In the event, the Confederations Cup is interesting – and useful – principally as a dry run for the World Cup next year.  In that vein my thoughts:

  • South Africa’s much-maligned World Cup preparations came through very well.  Attendance was good, though not stellar, and by all most accounts the administration of the tournament was excellent, aided by a large number of volunteers, extra security personnel and perhaps a little local bonhomie.  The stadia in use are obviously only a portion of those in the real deal, but they were complete and there weren’t technical problems.
  • Speaking of the crowds, those horn things?  No.  Absolutely not.
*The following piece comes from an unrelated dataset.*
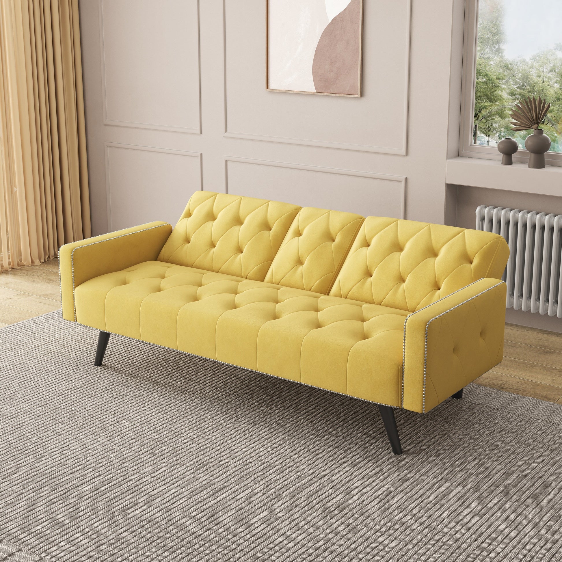 Stylish Design: Crafted with exquisite velvet fabric, this sofa boasts a tufted backrest and seat, accented by elegant armrests and nailhead trim detailing along the armrests and seat front. The even stitching adds a touch of sophistication, enhancing both comfort and aesthetic appeal.

  • Of the competitor nations, Spain was the most disappointing.  As my friend Aldo is fond of pointing out, they are  vastly overrated.  A European Cup champion does not a great team make, and Spain’s loss to the US was due much more to their failure than our success.  Granted this is a tournament of marginal importance to them and they are much more reticent to risk injury to their best players, especially in the midst of World Cup qualifiers.   But then that didn’t stop Brazil.  Spain has an easy qualifying group that they are not dominating and they only took third place to host South Africa (who have a right to be proud of themselves) with difficulty.  They should be worried about 2010.
  • This overlooks Italy.  But their loss was a fluke, and a bizarre one, and they only missed out on the semifinals on the tiebreak.  (In my opinion, if two teams in a group are tied and one beat the other, as Italy did America, the winner should move on; but I have basically nothing but minority opinions.)  They hardly shined following their dismal European Cup performance last year, and they too are having trouble in an easy qualifying group for 2010.
  • New Zealand is living proof that Oceania shouldn’t have its own league.  Australia was smart to get out while the getting was good and score a guaranteed place in every World Cup.  Iraq and Egypt both turned in respectable performances, though there’s a reason why the former didn’t qualify for 2010.  South Africa, as noted, did very well.
  • That brings me to the US.  The good news is that we’re no longer a third-rate team.  We are a second-rate team.  Brazil struggled in the first half and failed to control the ball, but what I imagine was the threat of an anonymous death in a Sao Paulo stream riled them to usual form.   Once Brazil decided to win we were not a match for them, and it brought into pretty stark relief where we stand.  The US is a team on par with Australia, Japan, Argentina or Denmark.  We are far from bad, and I would be legitimately surprised if we missed out on the group of eight next year.  But I’d be equally surprised if we made it to the semifinals, much less further.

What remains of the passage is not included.